BioMarin Banks on More Robust Data in Hemophilia A Resubmission
California-based BioMarin resubmitted a Biologics License Application for valoctocogene roxaparvovec, a potential one-time gene therapy treatment for severe hemophilia A. If approved, it would mark the first gene therapy in the United States for the treatment of this disease. The gene therapy was authorized for use in Europe in August under the brand name Roctavian.
BioMarin’s resubmitted BLA contains two-year outcomes from the Phase III GENEr8-1 study, as well as supportive data from five years of follow-up from the ongoing Phase I/II dose escalation study.

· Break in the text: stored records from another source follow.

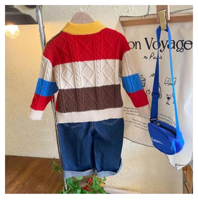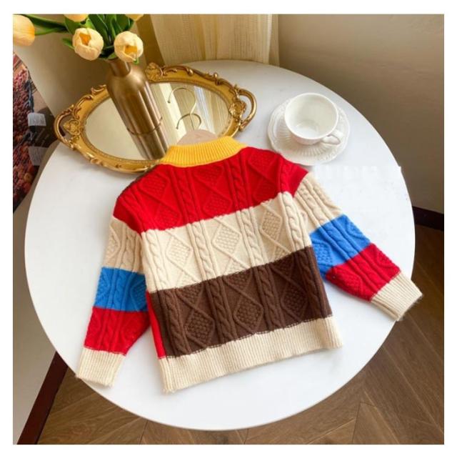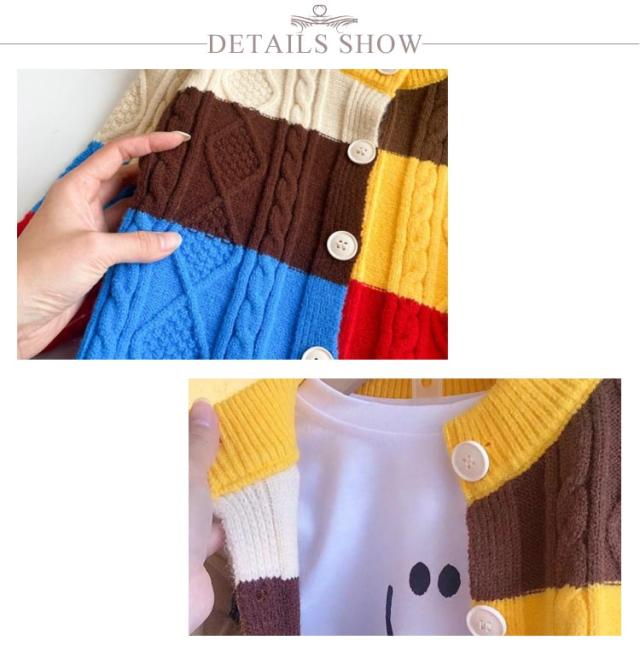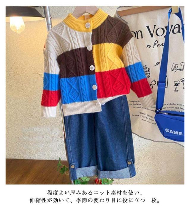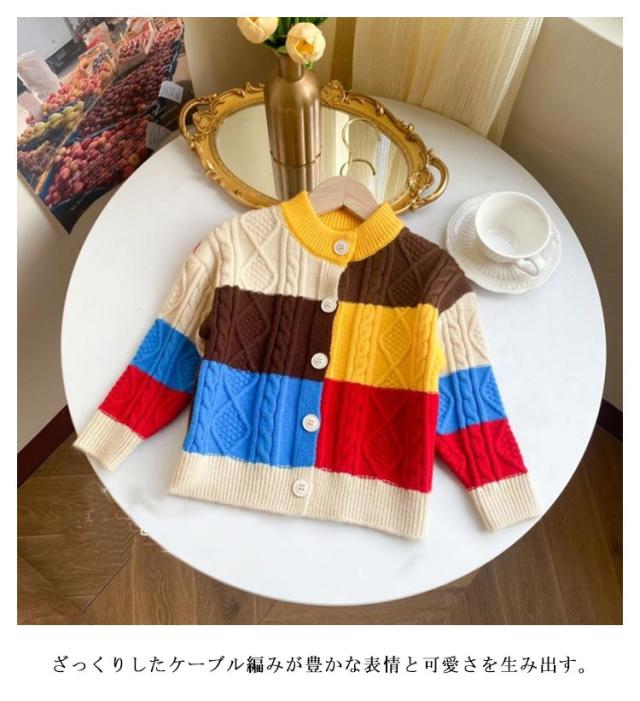 | カラフルの男の子ニットカーディガン。 ざっくりしたケーブル編みが豊かな表情と可愛さを生み出す。 程度よい厚みあるニット素材を使い、伸縮性が効いて、季節の変わり目に役に立つ一枚。 | |
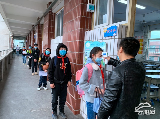 云陽網訊(通訊員 郭艷 肖先輝)4月27日,江口小學四、五、六年級1700余學生在晨風的指引中,朝陽的陪伴下返校復課。在疫情防控時期,今年的入學也以特別的形式迎接學生:測體溫、消毒、固定的行走路線……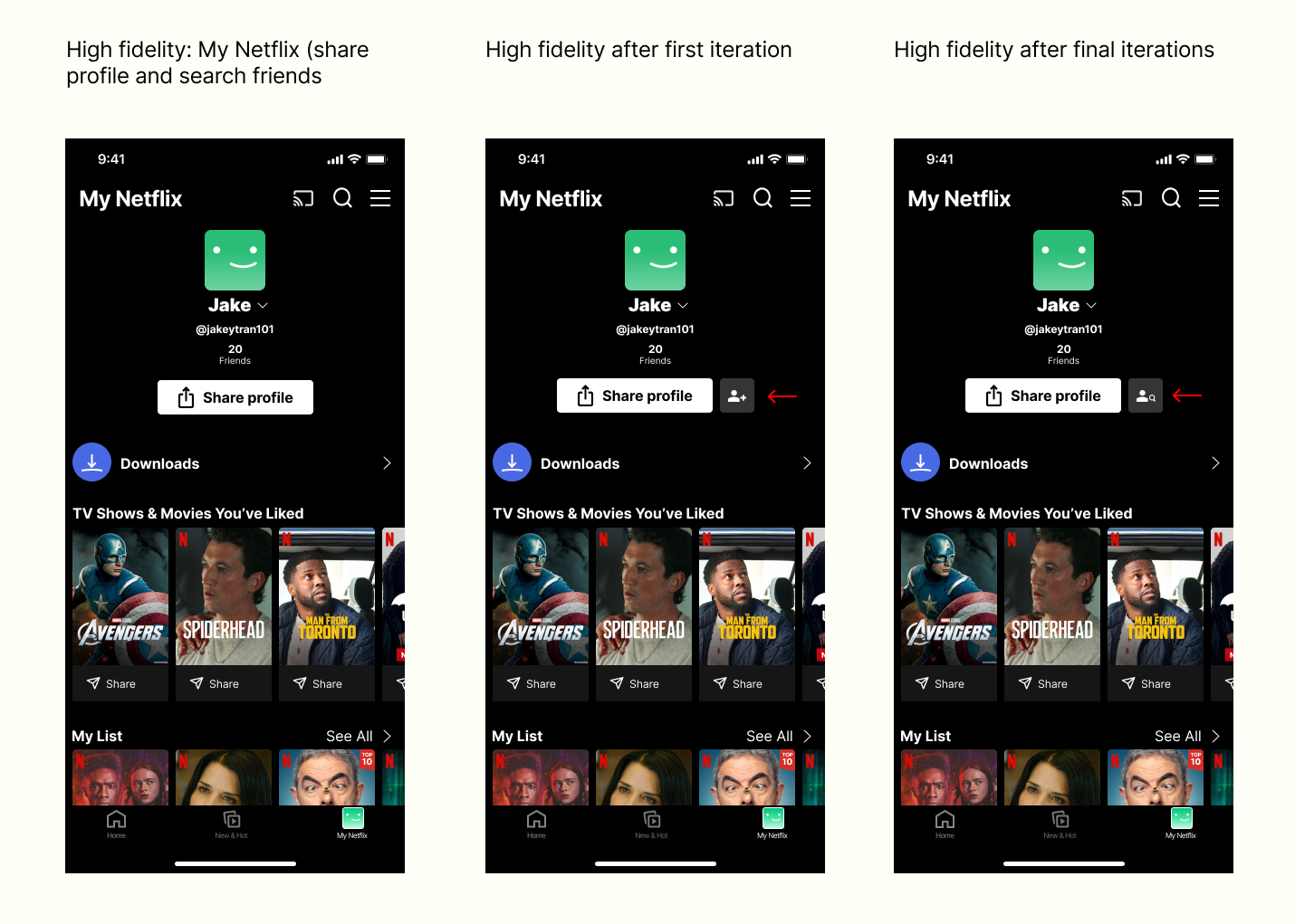 One challenge was designing the high-fidelity wireframe because I had to figure out the best way to “add friends” on the Netflix app without losing focus on the user goal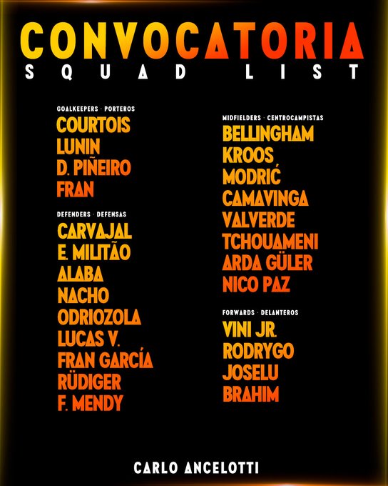 📝✅ ¡Nuestra primera convocatoria de la 2️⃣3️⃣/2️⃣4️⃣! #RealMadridOnTour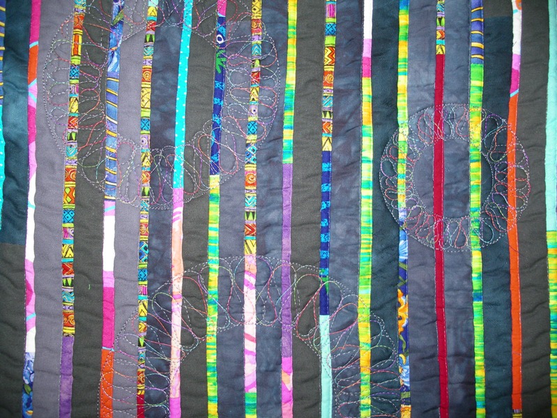 Dies ist mein Quilt und meine Gedanken dazu waren die folgenden: Mit diesem Quilt will ich den Schmerz und die Wut ausdrücken, aber zugleich auch aufzeigen, dass es immer wieder weiter geht und wieder bessere Zeiten kommen, in welche aber bestimmt auch ab und zu Wut und Schmerz zugelassen werden muss.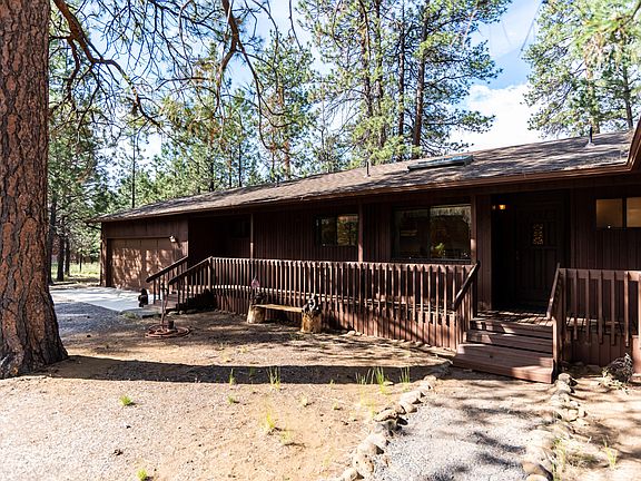 Charming and spacious, well maintained, single level, 1972 sqft home on .98 Pine treed acre in the quiet forested Firewise community of Crossroads. Enjoy the light and bright, large eat-in kitchen. The pellet stove in the roomy cabin like living area keeps you cozy! The bedrooms are spacious with big closets. Built-in storage is found throughout the home. Oversized attached 2 car garage. Nice covered front porch and a partially covered rear deck. Ample room to build a shop. Newer drain field (2018), Roof, HVAC & Carpet (2017), Exterior paint (2020) Live just minutes from downtown Sisters! This is a great place to live and play!
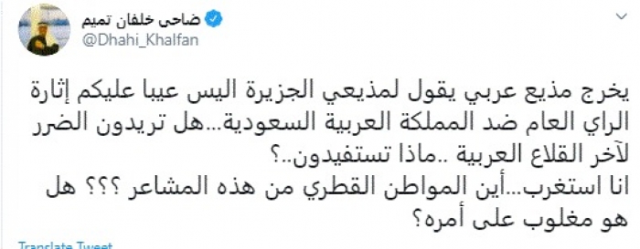 وقال في تغريدة عبر "تويتر" رصدها "المشهد العربي": "يخرج مذيع عربي يقول لمذيعي الجزيرة أليس عيبًا عليكم إثارة الراي العام ضد المملكة العربية السعودية.. هل تريدون الضرر لآخر القلاع العربية..ماذا تستفيدون؟".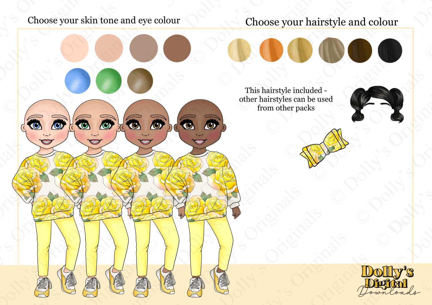 Instant digital download of our Yellow Rose Print Jumper Toddler Girl Bundle PNG (19 PNG’s)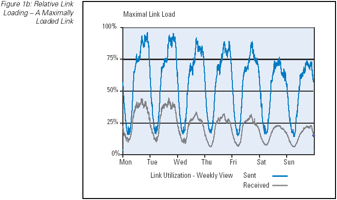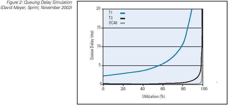 The most basic tool for measuring network performance is the periodic measurement of the interface byte counters. Such measurements can provide a picture of the current traffic levels on the network link, and when related to the total capacity of the link, the relative link loading level can be provided. As a performance indicator this relative link loading level can provide some indication of link performance, in that a relatively lightly loaded link (such as a load of 5 to 10 percent of total available capacity) would normally indicate a link that has no significant performance implications, whereas a link operating at 100 percent of total available capacity would likely be experiencing high levels of packet drop, queuing delay, and potentially a high jitter level. (Figure 1) In between these two extremes there are performance implications of increasing the load. Of course it should be noted that the characteristics of the link have a bearing on the interpretation of the load levels, and a low-latency 10-Gbps link operating at 90-percent load will have very significantly lower levels of performance degradation than a 2-Mbps high-latency link under the same 90-percent load. (Figure 2)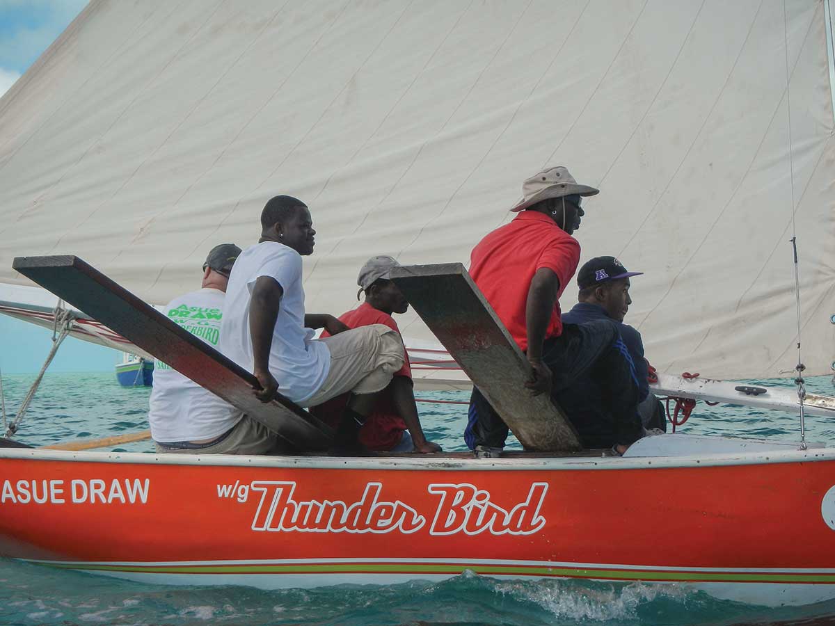 Class C sloop racing is the spectacle that brings many of the visitors to this festival. These are traditional Bahamian boats built entirely of wood and carry a single sail that looks far too big for the boat. Watching them race in a big breeze is an exciting show. By rule, they must be owned, built and sailed by Bahamians. With that huge sail, keeping these boats upright is a challenge. The solution is to use “pry boards” or long planks that are extended out over the side. Up to four crewmen sit out on the boards to counter the force of the sail and keep the boat upright and flat for maximum speed.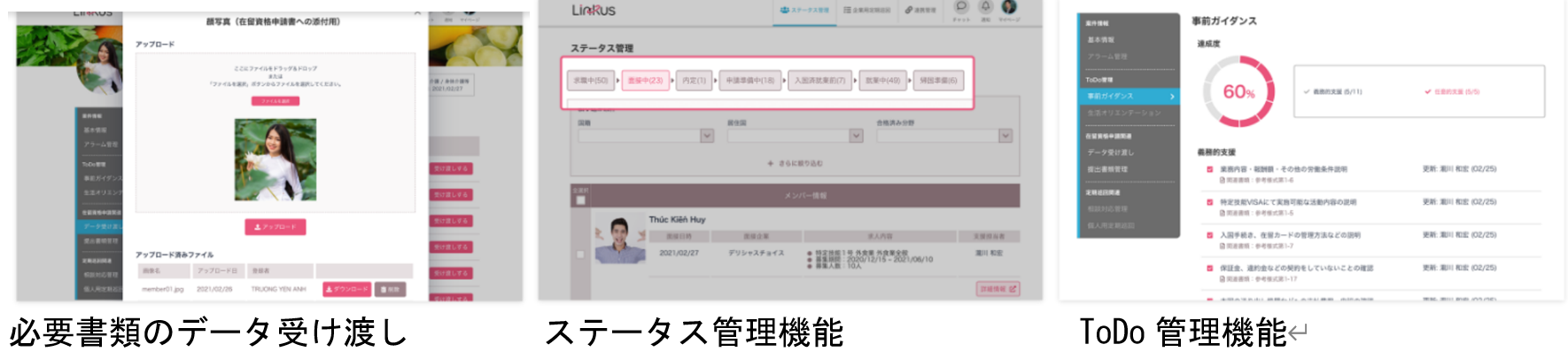 Linkusは「技能実習」「特定技能」の雇用・管理に必要な機能が「全て」揃うので、登録機関、送り出し機関だけではなく、受け入れ企業単独での活用も有効です。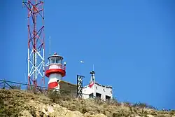 79 24 27 | White round metal tower, red band; | 13. | Visible 042°-255°. 3 F.R. on radio mast 1.97 miles SSE. F.R. on radio mast 0.73 mile S. Siren: 1 bl. ev. 30s (bl. 3s, si. 27s). |
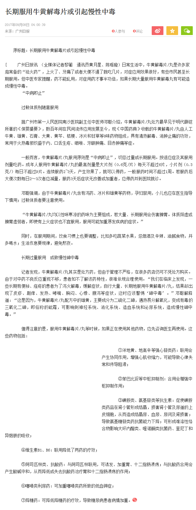 《广州日报》:长期服用牛黄解毒片或引起慢性中毒 2017年9月8日A20版

Debra Charlesworth, vice president of corporate communications at BioMarin, told BioSpace the company will likely find out by the end of October if the BLA has been accepted. From there, the review time is estimated at about six months but could be extended by an additional three months due to additional data read-outs that are expected during the review period.
The Supporting Evidence
The data resubmission includes two-year outcomes from the GENEr8-1 trial that showed treatment with valoctocogene roxaparvovec offered what the company called “stable and durable bleed control.” Additionally, the therapy provided patients with a reduction in mean annualized bleeding rate and mean annualized Factor VIII infusion rate, according to the company.
The more robust data package also includes supportive evidence from five years of follow-up from the 6e13 vg/kg dose cohort in the ongoing Phase I/II dose escalation study of patients with pre-existing AAV5 antibodies, Charlesworth noted.
“There is just a lot more data supporting this resubmission,” she said.
BioMarin’s initial BLA submission was based on interim data from a subset of patients in the initial trial. The FDA determined the gene therapy was not ready at the time for review and issued the CRL. Earlier this year, the regulator reiterated its call for additional data that could support a BLA. The FDA wanted to see additional data regarding the durability of the therapy's effect on patients and its safety profile.
People who have hemophilia A lack the Factor VII protein that aids in the clotting of blood. Without Factor VIII, hemophilia A patients are at risk for painful or life-threatening bleeding from injuries.
Valoctocogene Roxaparvovec delivers a functional gene into the patient, which is designed to enable the body to produce Factor VIII on its own. This is expected to allow people to cease relying on continued hemophilia prophylaxis.
Last year, the FDA granted the gene therapy Regenerative Medicine Advanced Therapy designation. It also holds Breakthrough Therapy and Orphan Drug designations.
In its resubmission, BioMarin also proposed a long-term extension study following all clinical trial participants for up to 15 years, as well as two post-approval registry studies.
Other Targets and Assets
BioMarin continues to assess valoctocogene roxaparvovec in multiple studies, including a Phase I/II trial in patients with hemophilia A with active or prior Factor VIII inhibitors. The company is also conducting a Phase III, single-arm open label study assessing the gene therapy at a dose of 6e13 vg/kg with prophylactic corticosteroids in people with severe hemophilia A.
Beyond hemophilia, BioMarin is focused on other upcoming milestones in its Duchenne Muscular Dystrophy program. The company anticipates seeking authorization to begin clinical testing of BMN 351, an antisense oligonucleotide therapy for individuals with exon 51-skip-amenable DMD.
An Investigational New Drug application is expected within the next several months. Preclinical data suggest that “restored expression of near-full-length dystrophin protein at levels of up to 40% will convert phenotypes from rapid loss to durable preservation of strength and ambulation,” according to the company.
BioMarin also plans to file an IND for two other investigational assets next year. Plans include potential studies of BMN 349 for alpha-1 antitrypsin deficiency and BMN 293 for MYBPC3 hypertrophic cardiomyopathy.